JEFFERSON CITY – More than 90 students scattered across Missouri at the beginning of June with a passion for transforming lives and communities with the gospel.
These students serve as summer missionaries equipped by the Missouri Baptist Convention. They are sent out to serve for 10 weeks with churches, associations and other ministries across the state. They also served as small group leaders during Super Summer, the MBC’s camp for youth held at Hannibal-LaGrange University each year.
According to David Hendrick, director of the missions program, the Summer Missions Mentor Initiative exists not merely to provide volunteers to help with various tasks around the state. The program challenges students to follow Christ eagerly and to make disciples, multiply churches and develop leaders for a lifetime.
Summer missionary Gregory Collins is serving for 10 weeks at True Life Community Church in New Town (a community in St. Charles), where he is helping build up the church plant’s youth ministry through Vacation Bible School, Bible studies, block parties, summer camps and similar outreach events.
“I hope that God … gives me the boldness that I need to proclaim the truth of the gospel among youth in the community,” he said, adding that he wants God to fill him with His love, so that he can love the people he reaches with the gospel.
Like Collins, other students are eager to “do the work of the Kingdom,” said Hendrick, who expressed his own excitement at being able to feed the God-given passion these students have.
Summer missionary Moriah Hendrick is deployed in South St. Louis, where she is working at a refugee resettlement center, providing childcare and English as a Second Language classes. She expressed her gratitude that, through their giving to the Cooperative Program and the Missouri Missions Offering, Missouri Baptists have provided an avenue for young people to go on mission for the summer.
Moriah and her peers began their journey as summer missionaries in early June on the campus of Hannibal-LaGrange University, where they received training.

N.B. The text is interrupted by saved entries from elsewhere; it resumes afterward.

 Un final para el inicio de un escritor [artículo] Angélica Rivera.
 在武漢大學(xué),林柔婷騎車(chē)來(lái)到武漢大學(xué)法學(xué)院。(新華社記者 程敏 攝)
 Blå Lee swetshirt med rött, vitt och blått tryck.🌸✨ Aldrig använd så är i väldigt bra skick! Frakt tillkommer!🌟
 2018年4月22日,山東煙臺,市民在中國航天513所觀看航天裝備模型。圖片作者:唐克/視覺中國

The training week, she said, “was just a consistent reminder of our responsibility to fulfill the Great Commission, and to step out in faith and to act on the things that God is calling us to do.”

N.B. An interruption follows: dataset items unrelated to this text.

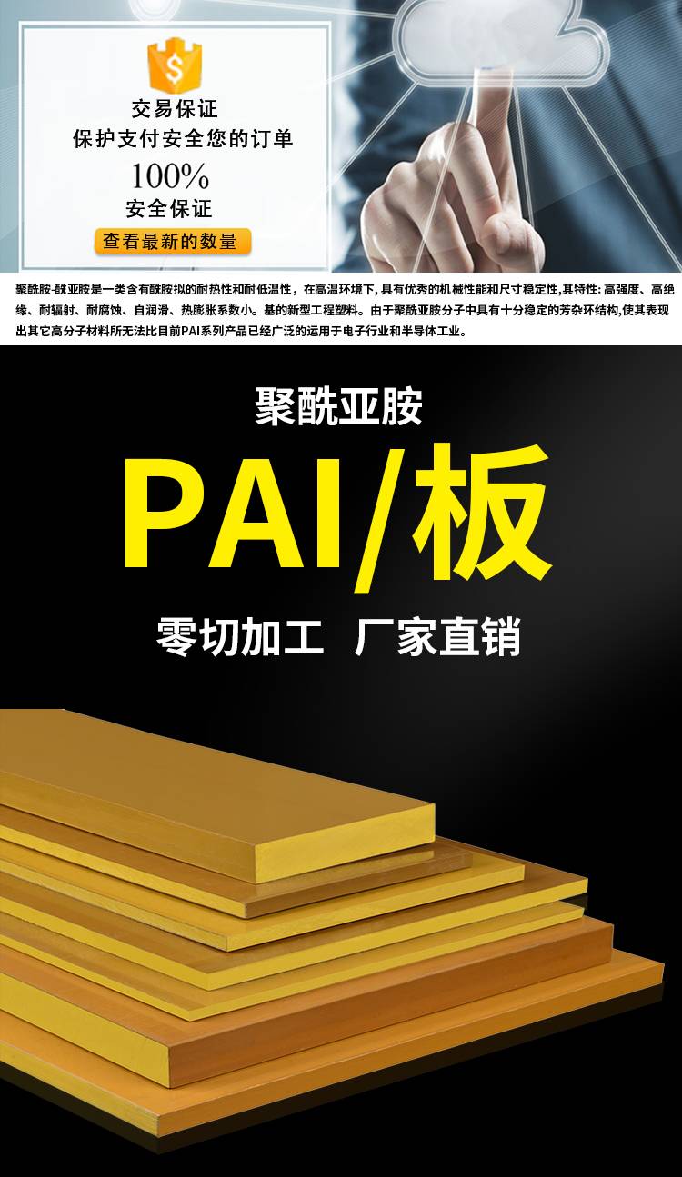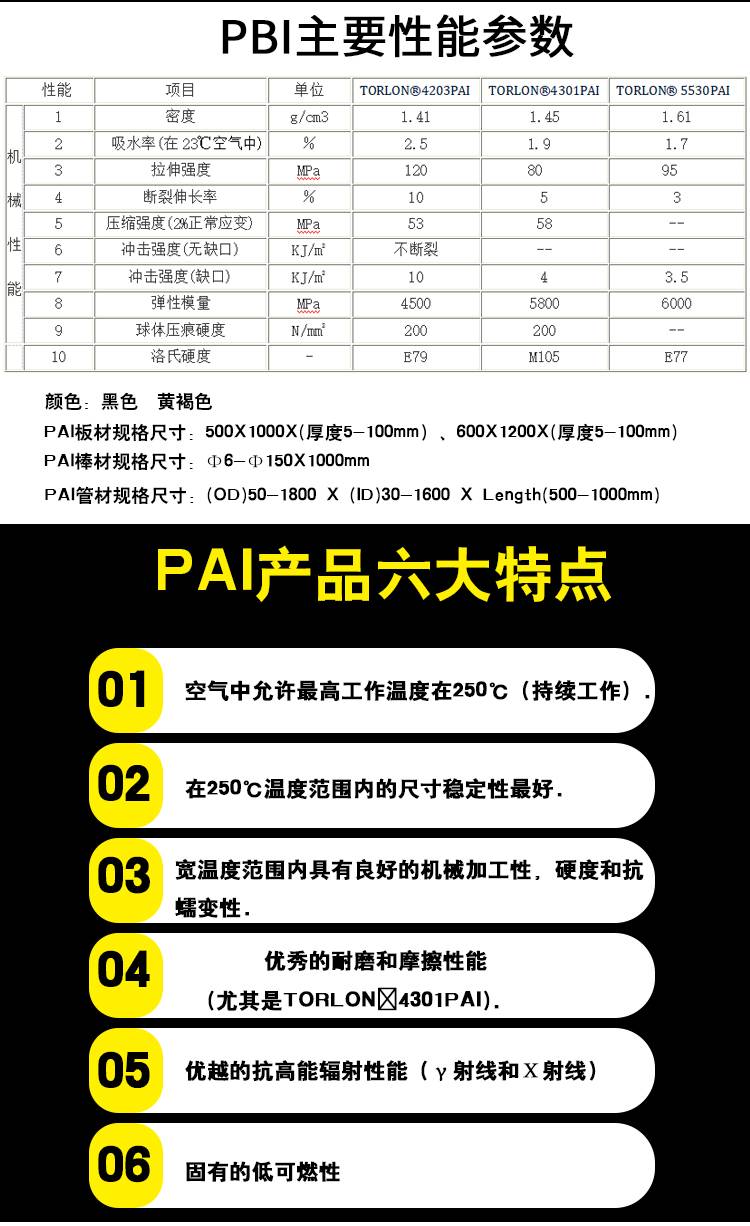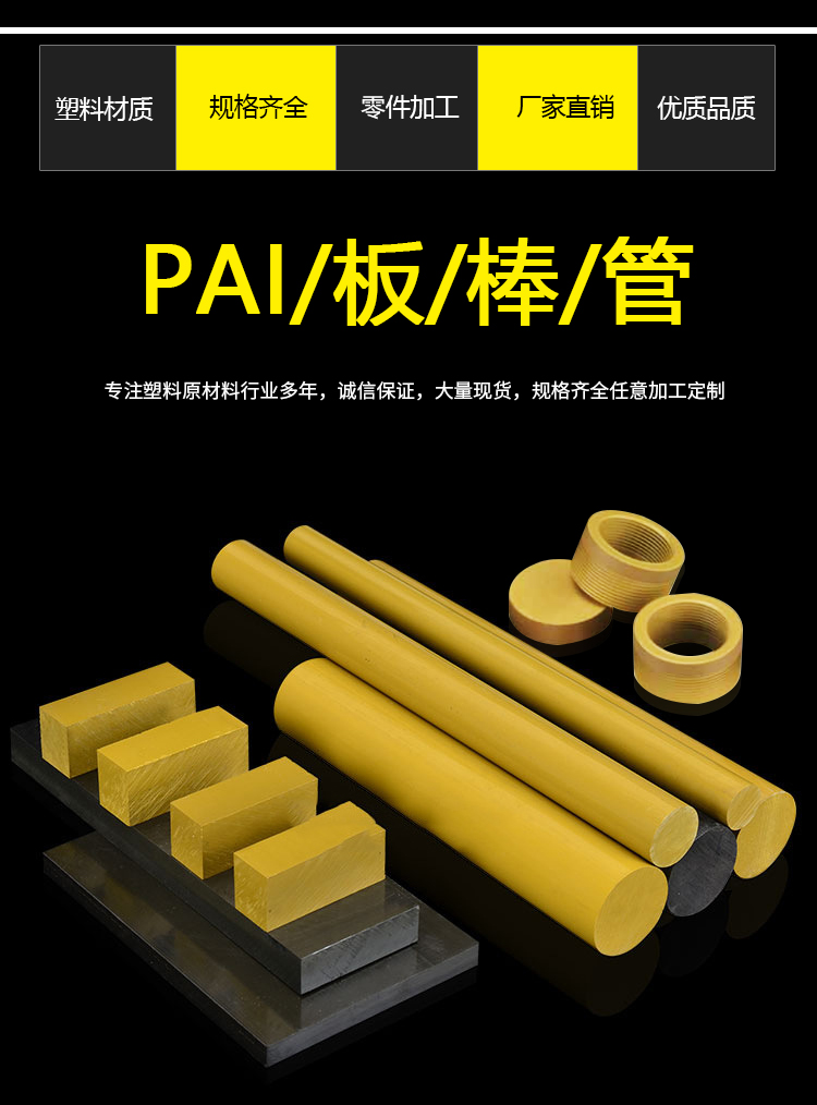 PAI(聚酰胺-酰亞胺)是一類含有酰胺基的新型工程塑料。由于聚酰亞胺分子中具有十分穩定的芳雜環結構,使其表現出其它高分子材料所無法比擬的耐熱性和耐低溫性和耐低溫性,在高溫環境下,具有優秀的機械性能和尺寸穩定性、高強度、高絕緣、耐輻射、自潤滑、熱膨脹系數小。廣泛的運用于電子行業和半導體工業。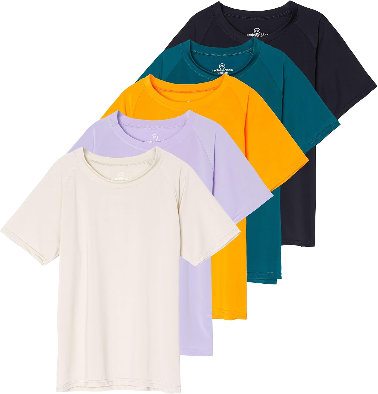 Real Essentials 5 Pack: Girls’ Rash Guard Swim Shirts – Short Sleeve UPF Sun Protection Tops (Ages 4-16)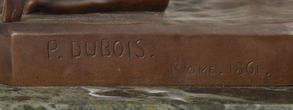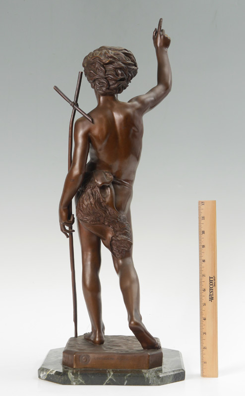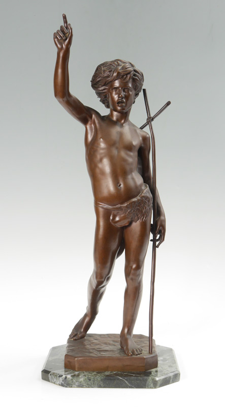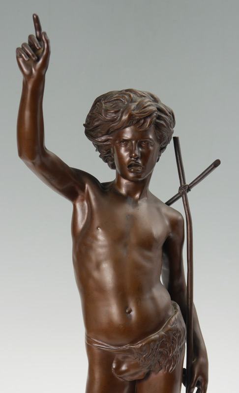 DUBOIS, Paul, (French, 1829-1905): John the Baptist, Bronze, 25'' ht, signed on base F. Barbedienne foundry mark, affixed to beveled marble plinth. Overall 26'' x 10.75'' x 10.75''. Although Dubois' family wanted Paul to become a lawyer, he chose to study at the atelier of Armand Toussaint at the cole Nationale des Beaux-Arts to become an artist. He was awarded several honors and positions of honor and was decorated with the Grand Croix (Grand Cross) of the Lgion d'honneur.

The training week emphasized the need to think, not like “consumer Christians,” but like true followers of Christ assigned to a day-to-day, lifelong missionary task. The summer missionaries also learned how to show Christlike compassion to people who—for cultural reasons or simply because they have never accepted the gospel message—act and think differently than they do.
The MBC’s David Hendrick said the training week is not the only aspect of the summer missionary program that focuses on developing students into young Christian leaders. In addition, students are connected to a mentor who encourages them and helps them grow as disciples and as disciple-makers.

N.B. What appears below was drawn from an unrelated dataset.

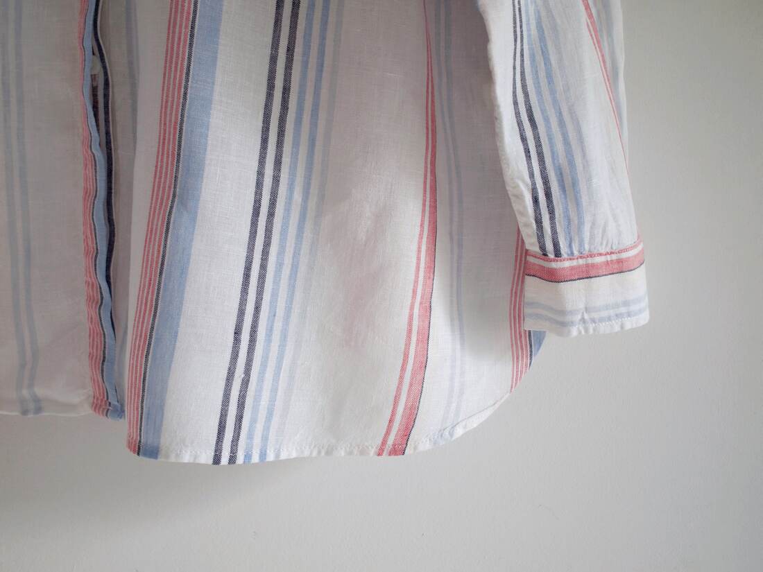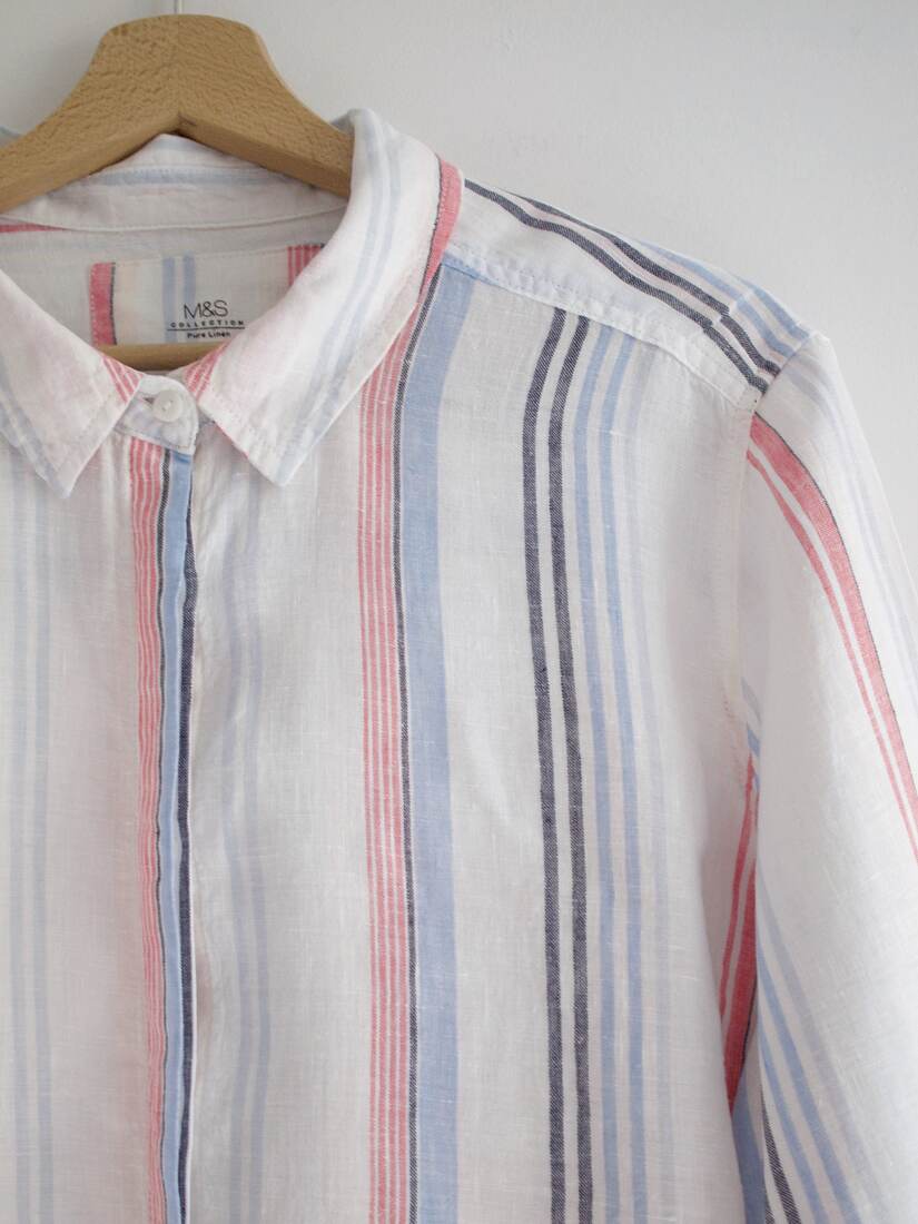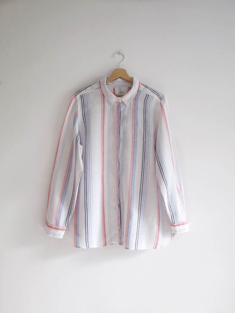 Lniana koszula w paski, angielska marka Marks&Spencer. Rozmiar z metki 18, polecam na L-XL, lub na mniejsze jako oversize. Bez wad.

None of this, however, is possible without Missouri Baptists’ generous giving through the Cooperative Program and—insofar as this ministry is concerned—through the Missouri Missions Offering.
The Cooperative Program (CP) is the funding process Southern Baptists have used since 1925 to support missions and evangelism at the state, national, and international levels. Through CP, the mission of one church is extended to ministries that reach the lost, hungry, and hurting.
The Missouri Missions Offering (MMO) is the annual state missions offering that directly supports nearly 20 missions projects in Missouri, like summer missions.
“This ministry happens because of that,” Hendrick said, adding that Missouri Baptists have every reason to be proud of the students and of the missionary program that they’re supporting through these offerings.